Task to complete:
Word for word, restate the entries below and exclude every image.

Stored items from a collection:
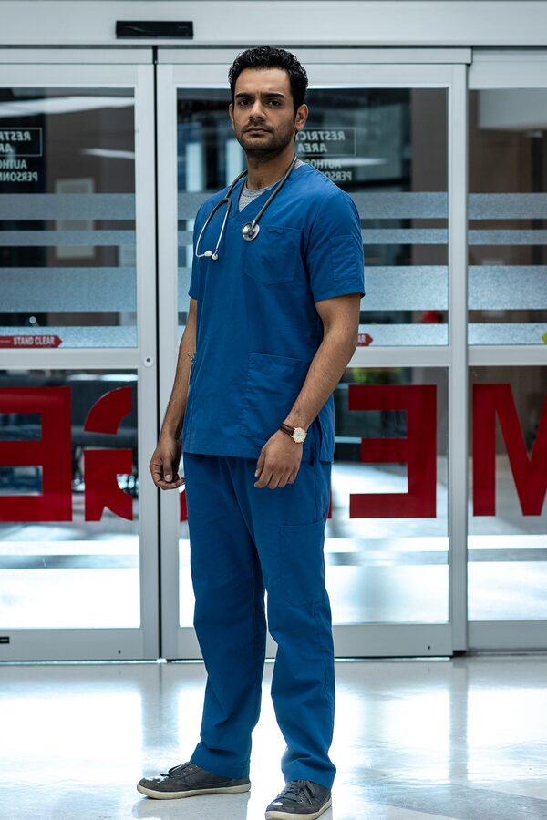 As an actor, he’s most interested in storytelling that goes beyond the facade, where fiction is based on a dose of reality. In Transplant, Haq plays Bashir “Bash” Hamed, a Syrian doctor with experience working in a war zone, now trying to make a new life for himself and his young sister in Canada. Although he starts off as an immigrant working in a Lebanese restaurant, circumstances soon see him get a residency in the ER at Toronto’s fictional York Memorial Hospital.
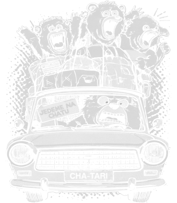 Jedeme na chatu, V2, bílý tisk. Geniální retro motiv, který zná snad každý, kdo někdy zažil klasický rodinný výlet. Ať už vás na konci cesty čeká pohodová lesní krajina nebo jen další práce na zahradě, s tímto vtipným kouskem dáte všem jasně najevo, jak moc se na víkend těšíte.
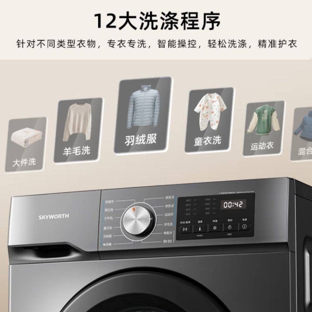 创维 10公斤滚筒全自动一级变频 除菌除螨 15分快洗 桶自洁洗衣机
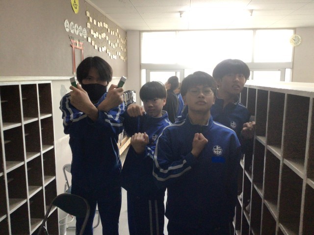 登校した生徒で、昇降口の掲示物を取り外していました。
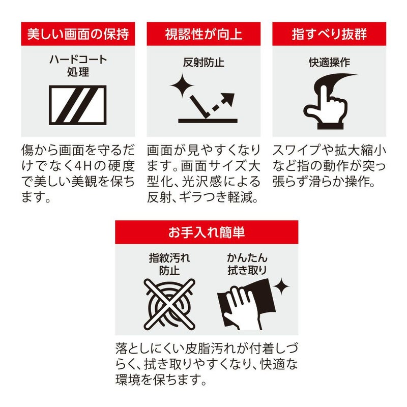 ● 指紋や皮脂汚れ防止加工、撥水加工、ハードコート加工により、しっかり画面を保護
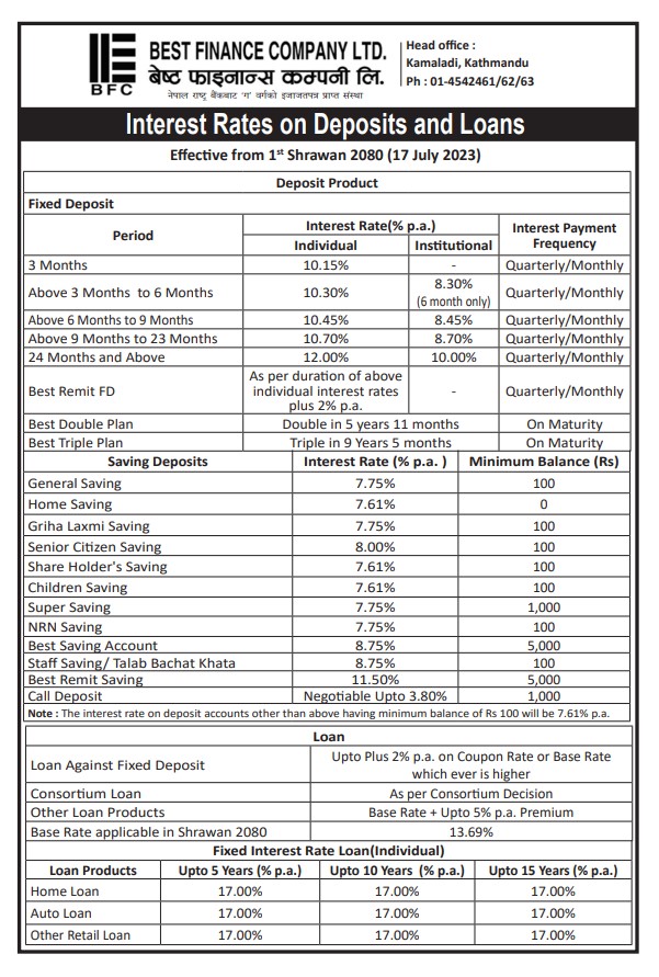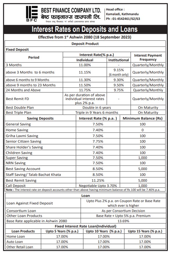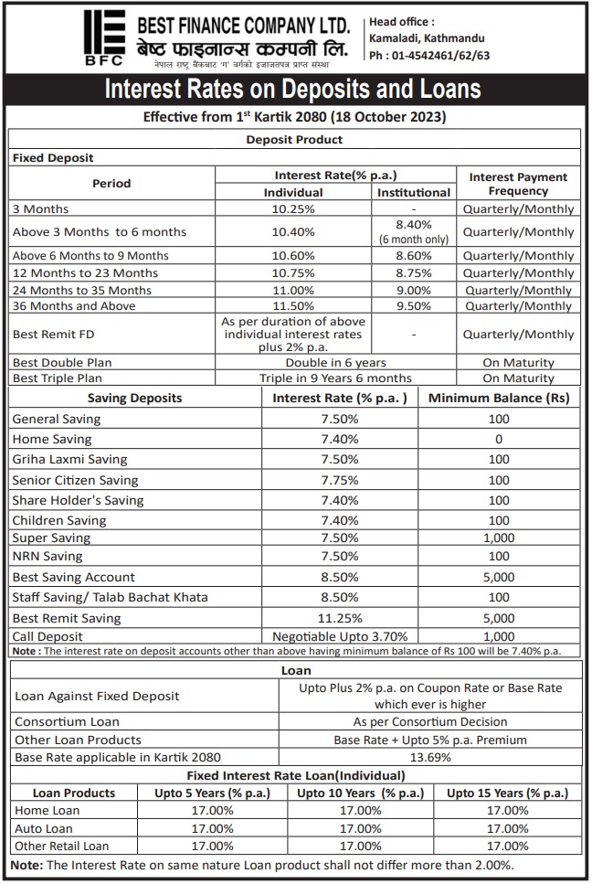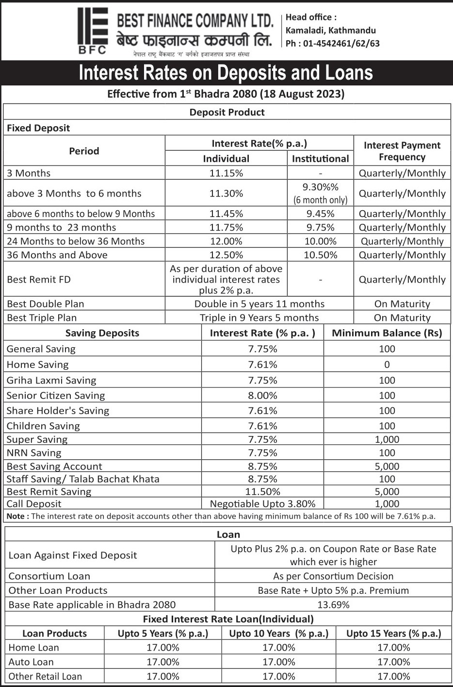 INTEREST RATE EFFECTIVE FROM 2080 BHADRA 1
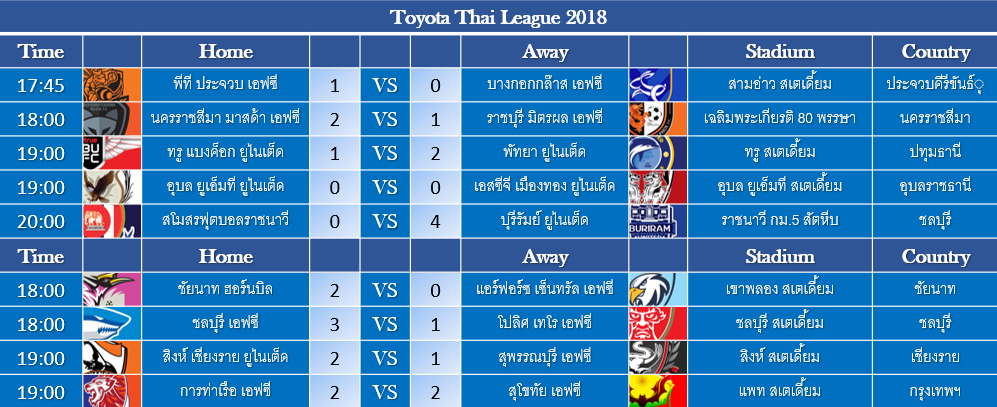 สรุปผลฟุตบอล ไทยลีก 2018 ประจำวันเสาร์ที่ 28 กรกฏาคม 2561 พร้อมตารางคะแนน
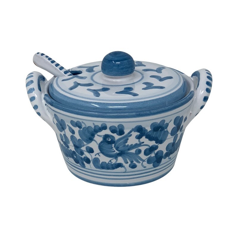 Don't forget to save your customization to be able to add to cartHand painted Arabesco Turquoise covered parmesan cheese bowl with spoon. The Arabesco decoration was born in the seventeenth century and depicts a bird hidden among undulating branches, with dense foliage, flowering branches and clumps of flowers. In this case it's made entirely with the turquoise color.

Written solution:
 As an actor, he’s most interested in storytelling that goes beyond the facade, where fiction is based on a dose of reality. In Transplant, Haq plays Bashir “Bash” Hamed, a Syrian doctor with experience working in a war zone, now trying to make a new life for himself and his young sister in Canada. Although he starts off as an immigrant working in a Lebanese restaurant, circumstances soon see him get a residency in the ER at Toronto’s fictional York Memorial Hospital.
 Jedeme na chatu, V2, bílý tisk. Geniální retro motiv, který zná snad každý, kdo někdy zažil klasický rodinný výlet. Ať už vás na konci cesty čeká pohodová lesní krajina nebo jen další práce na zahradě, s tímto vtipným kouskem dáte všem jasně najevo, jak moc se na víkend těšíte.
 创维 10公斤滚筒全自动一级变频 除菌除螨 15分快洗 桶自洁洗衣机
 登校した生徒で、昇降口の掲示物を取り外していました。
 ● 指紋や皮脂汚れ防止加工、撥水加工、ハードコート加工により、しっかり画面を保護
 INTEREST RATE EFFECTIVE FROM 2080 BHADRA 1
 สรุปผลฟุตบอล ไทยลีก 2018 ประจำวันเสาร์ที่ 28 กรกฏาคม 2561 พร้อมตารางคะแนน
 Don't forget to save your customization to be able to add to cartHand painted Arabesco Turquoise covered parmesan cheese bowl with spoon. The Arabesco decoration was born in the seventeenth century and depicts a bird hidden among undulating branches, with dense foliage, flowering branches and clumps of flowers. In this case it's made entirely with the turquoise color.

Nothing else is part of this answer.